Subject portals assume that Web resources are to be made openly available, but limit the resources provided through their scope definition and an appropriate selection process. Subject portals do not have control over the development and quality of resources on the Web, but can include or exclude content on the basis of its appropriateness and quality.
Portal type
Resource availability
Range of content
Resource content control
Open Web
Open
Open
No
eCommerce
Closed
Restricted
Yes
Subject portals
Open
Restricted
No
An Information Gateway is a specific type of subject portal where the resources are open but selected for relevance and quality, where portal and discovery standards have been developed, and where high levels of collaboration exist between content providers and the discovery service. It is this type of subject portal that best reflects the need of both government and its constituency, and that should provide the model for a GRDS.
Governments have, however, tended to provide entry points that use the software and management process associated with Open Web portals. This is not surprising given the dominance and importance of Open Web portals to the economics of software development and the overall culture of the Web. It is also easy to assume that government content is uncontrolled and that content restrictions within government are impractical.
A user-based model for government resource discovery
In order to determine the basic characteristics of a GRDS, the following model is proposed. It has been adapted from a number of different components used to define information-seeking behaviour in a research environment (Erdelez 1999), but simplifies those components to reflect an environment where the user has already decided on the scope of their search.
![]()
In this user-centric model the user is attempting to satisfy a need through access to government content. Government content is seen by the user as a simple homogeneous whole and the user will exhibit a variety of discovery strategies (behaviours) depending on the nature of that need and the type of knowledge/skill that the user possesses.
The client's behaviour is linked to their internalised understanding of their need and to their perceptions as to the type of content that will meet that need. The defining requirement for a GRDS is that it conforms to the behaviour shown by the user in their endeavors to satisfy their need.

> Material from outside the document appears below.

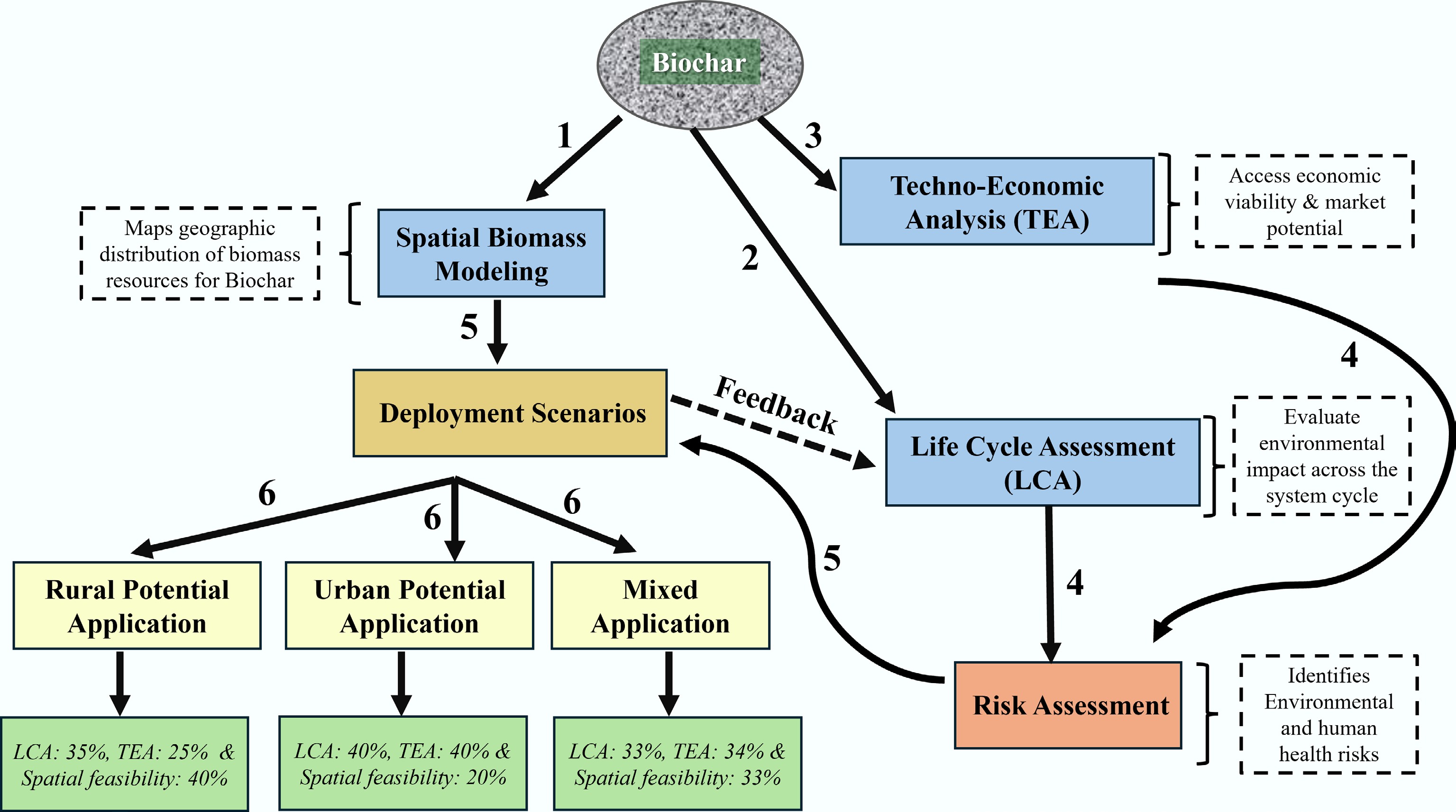 Furthermore, deployment must be coupled with market instruments that internalize externalities and de-risk investment. These include carbon crediting schemes, payments for ecosystem services, public procurement guarantees, and infrastructure subsidies. However, such instruments are not panaceas. They require robust metrics and verification protocols grounded in scientific evidence and calibrated to local conditions. Figure 2 presents an integrated framework combining Spatial Biomass Modeling, LCAs, and TEAs to inform evidence-based biochar deployment. Overall, the flow pattern in the diagram reflects a sequential and integrative systems approach, beginning with Step 1: Spatial Biomass Modeling, which identifies and maps the geographic distribution of biomass resources suitable for biochar production. This modeling feeds into the core component, Biochar, from which the analysis branches into two major streams. Step 2: LCA evaluates the environmental impacts of biochar systems, while Step 3: TEA assesses the economic viability and market potential. Outputs from the LCA inform Step 4: Risk Assessment, addressing potential environmental and human health concerns. A feedback loop from LCA then connects to Step 5: Deployment Scenarios, where insights from earlier assessments are synthesized to design adaptive strategies. Finally, these scenarios inform Step 6: Application Pathways, directing biochar use across three domains: rural, urban, and mixed applications. The structured flow underscores a circular and iterative decision-making framework that integrates sustainability, risk, and economic performance into practical biochar deployment. In rural deployment contexts, spatial feasibility holds the highest weight (~40%) due to infrastructure limitations and the critical role of biomass accessibility and logistics, while LCA and TEA contribute moderately (35% and 25%, respectively). In urban settings, LCA and TEA are equally prioritized (~40% each) owing to stringent regulatory environments and economic constraints, with spatial feasibility being less critical (20%). For mixed or integrated applications, all three factors, LCA, TEA, and spatial modeling, are weighted nearly equally (~33%), reflecting the need for balanced consideration in regional or national deployment strategies. This enables spatially resolved, context-specific strategies to mainstream biochar within circular economy systems. Rural applications of biochar target soil improvement and carbon sequestration using local biomass, while urban applications focus on waste valorization, water treatment, and green infrastructure[19]. Mixed applications bridge rural production and urban use through decentralized systems and regional bioeconomy integration.

It is not appropriate or possible for the GRDS to modify the user's internal understanding of their own need, nor is it appropriate to modify the user's need so that it conforms to content structure.
From this model, the objective of a GRDS is to provide an easy way for users to locate what they need that is based on their own understanding of that need and where it can be satisfied. The GRDS in other words must match the inherent behaviour(s) of the user. However, many GRDSs often implicitly or explicitly expect users to adapt their behaviour to meet the structure of both government and the GRDS.
The process of building a Web site that allows normal or intuitive user behaviour to find content requires the formal development and implementation of an Information Architecture (IA). The importance of an Information Architecture as a formal discipline was highlighted by a recent summit (American Society for Information Science 2000). A useful definition of Information Architecture, provided by Louis Rosenfeld (2000 p. 002.htm), is that it:
"involves the design of organization, labeling, navigation, and searching systems to help people find and manage information more successfully."
A GRDS Information Architecture includes user needs, content, and user behaviour and cannot be effectively developed without due reference to all three components. Nor can an Information Architecture taken from other sites (e.g. Open Web portals) be simply adopted for a GRDS.
![]()
The identification of user needs
Although the need to adequately identify user requirements is a key requirement for an Information Architecture (Head 2000), it should be relatively clear that a GRDS has an easier task in defining user needs and IA objectives than other portal types. This is because the type of needs to be satisfied and the resources needed are relatively well defined by government itself.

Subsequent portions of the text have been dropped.